There were certainly tricky areas, and the university task force created working groups to address such things as industry-sponsored education and consulting agreements.
Dr. Barnes considers the policy a living document. As new challenges arise, whether from external forces (changes in regulations) or internal situations (a faculty member who may fall into a gray area), clarifications are issued in formats such as frequently asked questions. “We refine interpretations as needed,” Dr. Barnes said, though she noted that “the principles have been extremely durable.”
“It’s a culture change and a behavior change,” Dr. Barnes added. “We’re all trying to move things in the right direction.”
Determining a Conflict
Medical students are exposed to conflicts of interest and industry relationships much earlier in their careers than their mentors were. At the University of Pittsburgh, for example, students attend a seminar in their first year. “It’s a new world,” Pierce said, “and patient access to communication is part and parcel of becoming a physician in the 21st century.”
Pierce said that students should understand that the database is not a list of wrongdoing but simply a list of transfers of value. A pizza lunch can appear alongside a textbook purchase or research funding. That means physicians have to decide for themselves what constitutes a conflict and what is justifiable.
How should physicians go about doing that? They can start by perusing established conflict-of-interest policies, such as those provided at academic medical centers or by associations such as AAMC.
—Heather Pierce, JD, MPH
If you work for an academic medical center, you must comply with their institution’s policy. Indeed, you may have to justify data that appears in the Open Payments database to your institution. “For us, it’s another data source,” Dr. Barnes said. “We do query the database.”
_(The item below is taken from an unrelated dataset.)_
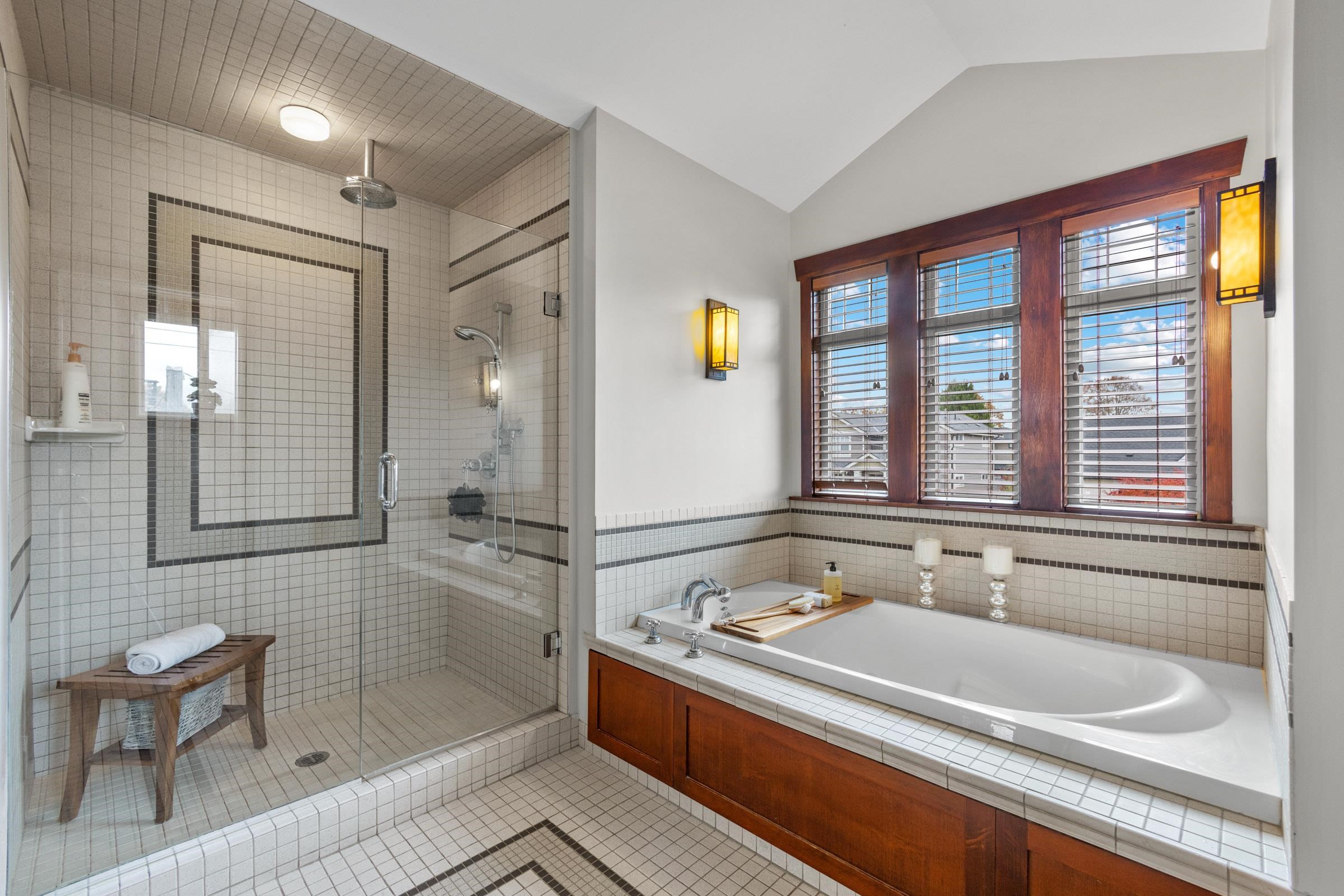Discover a luxury Residence located in North Bby's Finest Neigbourhood 'THE HEIGHTS!' This One-of-a-Kind Home was European Built w/ the Extensive use of Solid Cherry Wood Floors + Fir Milwork Finishing. Magnificent Foyer w/ Expansive Floor Plan offers Executive Living with a Formal Dining Room adjacent to a Chef Inspired Kitchen + Family Room perfect for Entertaining. Above feat's 2 Large Beds w/ a Jack-n-Jill Bath + Stunning Primary Bedroom adorned w/ a Massive Hotel Style Ensuite w/ a Luxurious Soaker Tub...

Moreover, physicians should also think through what different financial transactions or relationships might entail. “Industry has a different goal than physicians—they’re beholden to shareholders,” said Dr. Nielsen. “whereas physicians’ primary goal is patient health. That must be put ahead of one’s own financial or professional interests.”
There is certainly evidence that physicians can be biased by transfers of value. Indeed, these biases can be subconscious unless doctors take the time to think through them. Awareness offers some protection against undue influence. So one question to ask yourself is who benefits from the relationship. Is it you or your patients?
—Barbara Barnes, MD
“You should know what your data look like, why they’re there, and how to explain them,” Pierce said. Most importantly, she added, you should decide whether you want that kind of payment or not. “Are you enthusiastic about the choices you’ve made? Are you willing to talk about those choices, those interactions?” Another litmus test, said Dr. Nielsen, is to “avoid relationships or transfers of value that you’re not willing to read about in a front page news story.”
Associations such as AAO-HNS and AAMC provide their members with resources and fact sheets to help address these issues. They can also act as “firewalls” between industry and physicians, serving as middlemen in a sense, by contracting for unrestricted funds for educational and research activities, said Dr. Nielsen.
Academic medical centers have supports in place for their faculty, such as staff members who review consulting agreements and make sure they are consistent with the institution’s policy. Dr. Barnes recommends that physicians in private practice have someone else review their agreements: “What are the terms? What are you obligating yourself to?”
“This is an opportunity for physicians to acknowledge and talk about the payments they receive and [think about] why they’re important,” Pierce said.
Jill Adams is a freelance medical writer based in New York.